My life swirled around me, finally deciding to put itself on my shoulders. I carried it all this way before I fell short of the end. It was everything that the equation decided to make me do, it all crashed in on itself when I broke free. When I decided to throw the burden of my life off my shoulders. That’s when I was set free. My imagination, my creativity was never meant to be there, it was all a joke, a lie, that was supposed to protect me, but no, it would never protect me. Only my wits could. And now that’s all I have left before I throw it all away, forever beyond the reach of the equation. Which is the only reason I have my powers. I kept fighting voices in my head, saying I would never be adequate. Every lie, that told me I would never be sufficient enough. It was all to prevent me from finding my true identity. And I’m proud to say that it didn’t work. It never will, and it never has.

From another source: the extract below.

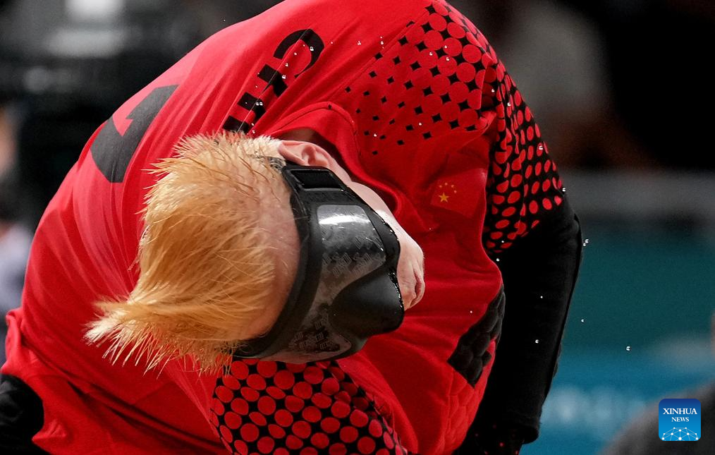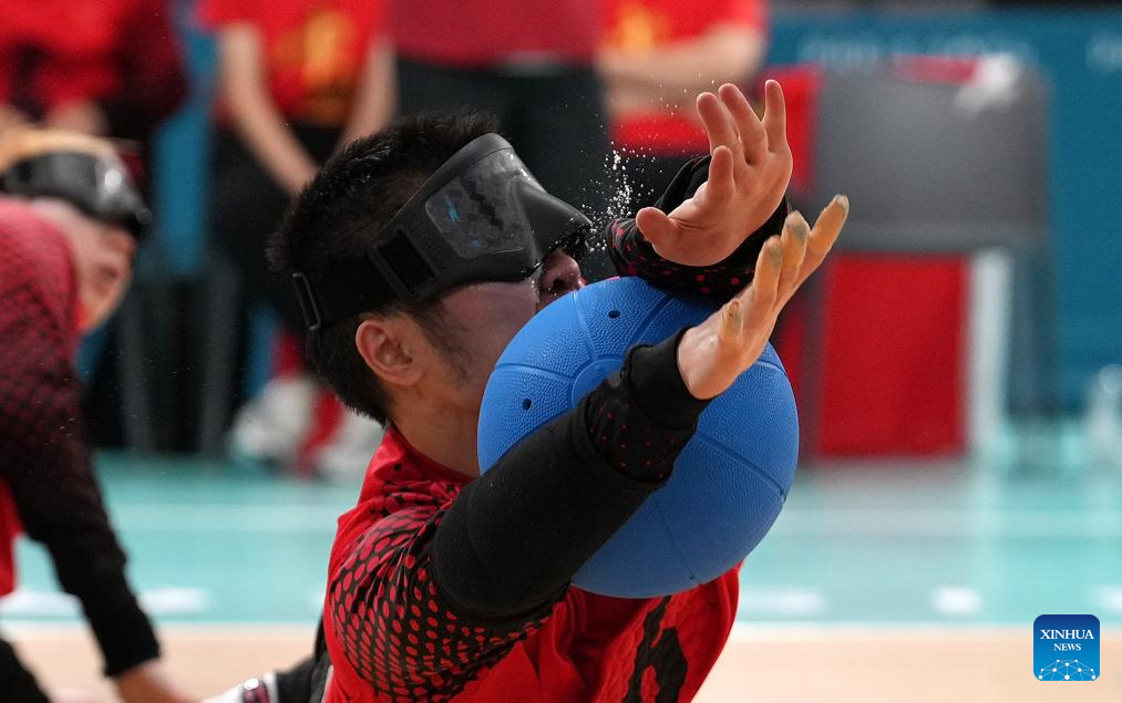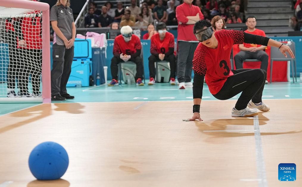 Yu Deyi of China competes during the Goalball men's semifinal match between China and Japan at the Paris 2024 Paralympic Games in Paris, France, Sept. 4, 2024. (Xinhua/Hou Zhaokang)

There is nothing that will ever turn me away from this. From the newfound freedom, and knowledge of believing the obvious truths, and persevering through. Everything that I tried for, everything I wished upon, from when I was a heartbroken 11-year-old, to now. It was all for knowledge. For the obtained ability to say goodbye. The energy that no-one has ever been able to achieve. So here it is, my last goodbye. It won’t be long though. I’ll see it again. Soon. Soon enough.
Hi everyone! I really can't think of a good title for this piece, so any suggestions would be greatly helpful, and appreciated! Thank you.
Current Title Inspiration from KYLIE RUDOLF - who you can find through the link below :)
Thank you so much, Kylie!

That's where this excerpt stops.